Greyhound, 2020.
Directed by Aaron Schneider.
Starring Tom Hanks, Stephen Graham, Tom Brittney, Rob Morgan and Elisabeth Shue.
SYNOPSIS:
A convoy of Allied ships fights off U-boats while crossing the Atlantic Ocean in 1942.
If you need a dependable authority figure in a military or maritime scenario, you call Tom Hanks. From Saving Private Ryan to Captain Phillips, Hanks has a considerable history as a man in uniform. His everyman quality makes him an automatically sympathetic figure – a fundamentally good man doing what’s necessary even in the face of enormous adversity and the worst of humanity.
That’s certainly the case in the new Apple TV+ movie Greyhound, which features Hanks as Commander Ernie Krause, who has been given his first ever command job in charge of the titular destroyer.

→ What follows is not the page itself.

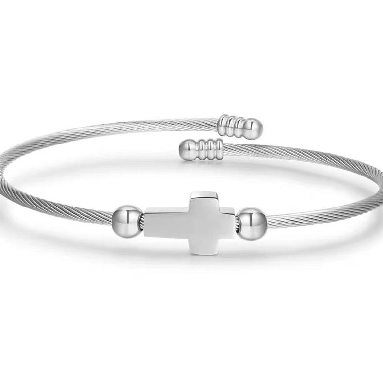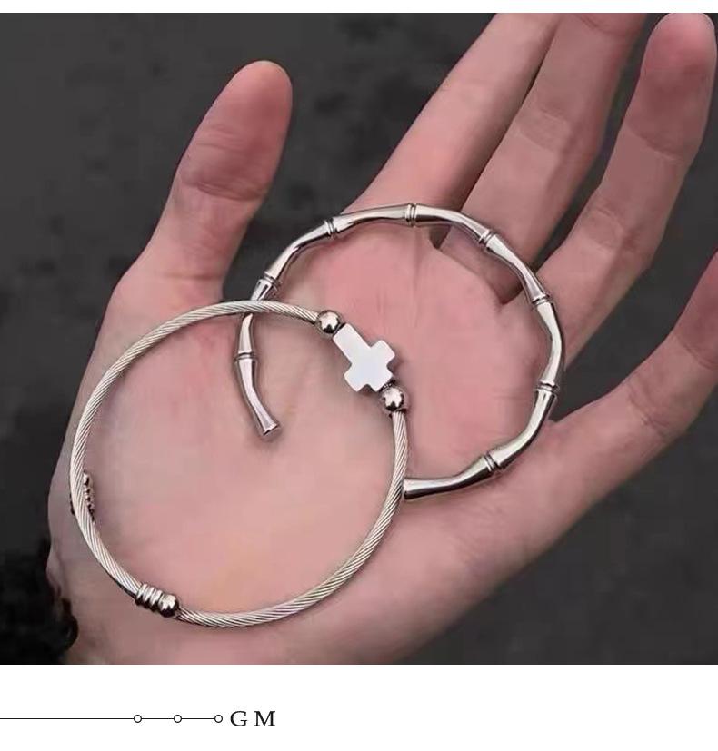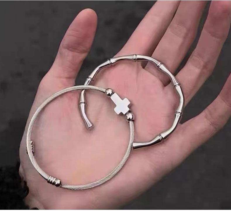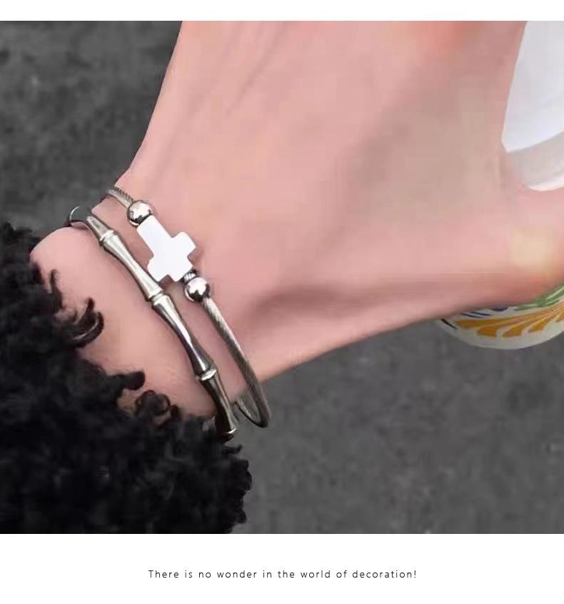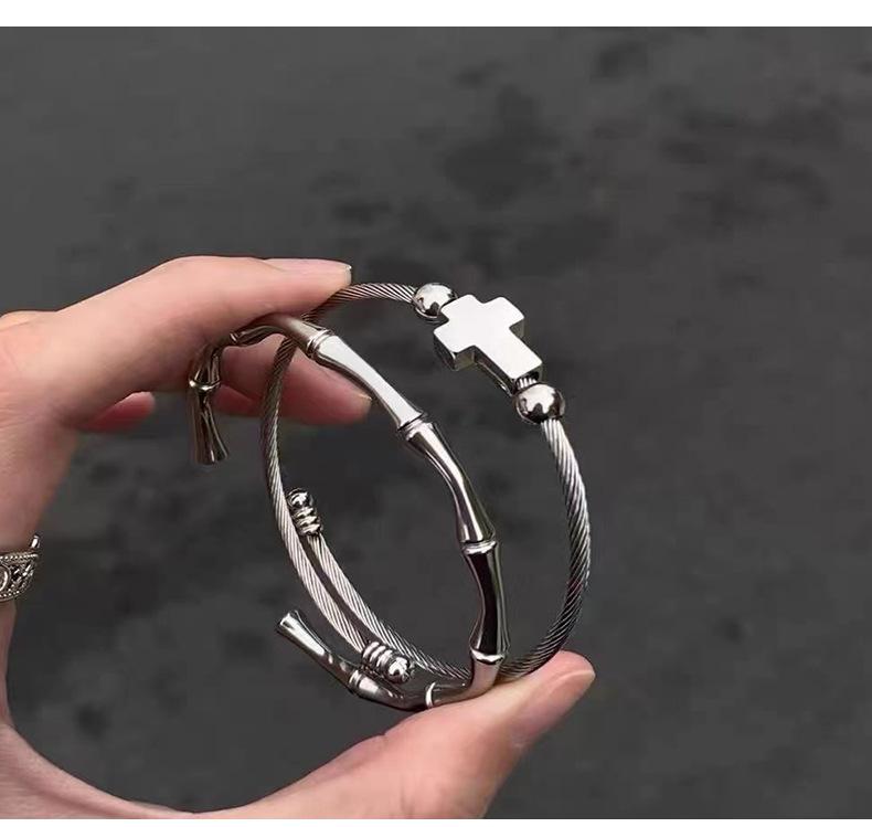 Pulsera vintage de cruz enrollada, moda personalidad, acero de titanio que no se desvanece, pulsera de bambú, moda temperamento, pareja senior

His vessel is in charge of protecting a convoy of more than 30 Allied ships crossing a treacherous route over the North Atlantic known as the “Black Pit” due to the danger of U-boats attacking while air support is unavailable. Early success gives way to crucial tactical blunders as a “wolfpack” of submarines surrounds the convoy and casualties begin to mount.
Greyhound is likely a feast for those steeped in naval tactics, packed as it is with frantically yelled jargon and repeated commands. The script, adapted by Hanks from C. S. Forester’s 1955 novel The Good Shepherd, is dense and meticulous to a fault. There’s little room for heart and emotion amid the seafaring chaos, which is rendered in uniformly ugly CGI that robs any sense of reality from the action. The contrast between the script’s evident verisimilitude and the obviously artificial visuals is a fatal blow for the movie’s attempts at thrills.
But this is a Hanks movie and the man is never anything other than immensely watchable. Krause is permanently on his feet for the entire story and he consistently forgets to eat the food he is brought, with his focus inevitably shifting towards the more pressing concerns created by the circling German forces. As the mistakes mount and the situation becomes graver for the forces on board the ships, Hanks conveys the building guilt within a man who’s stoically bearing the toll of the events, both mentally and physically. He even asks for his slippers in an attempt to mitigate the pain he is obviously feeling in his feet.
Greyhound often feels like a gung-ho celebration of honourable American forces fighting the good fight, and the only German we hear from is notably a sadistic hype man talking up his comrade’s chances of victory by hijacking the ship’s intercom system. However, Hanks’ character is framed clearly as a religious man who does not relish the notion of killing. When a comrade celebrates the destruction of a U-boat as it means there’s “50 less Krauts” in the world, Hanks calmly corrects him with the words “50 souls”. These details of Krause are more interesting than the rest of the film and could have been explored further.
But depth doesn’t seem to be of much interest here. The film is a brisk 90-minute thriller that gets to the meat of its action pretty quickly, with very little exposition or prelude at the start. Sadly, though, it feels long and languorous even at that brief length, refusing to delve deeper into the human beings at the centre of the conflict. Why focus on actual people when you can spout endless military dialogue while Tom Hanks looks through a pair of binoculars before pulling a concerned face?
It’s easy to see why Greyhound made the move to Apple’s streaming service rather than holding out for the post-lockdown return of the big screen. This is a disposable film tailor-made to watch with your dad on a boring Sunday afternoon rather than a visceral study of war. That’s not to mention that the awful visuals would’ve looked even worse on the big screen. It might even have sent Hanks tumbling back into the uncanny valley carved by The Polar Express. Nobody wants to see that.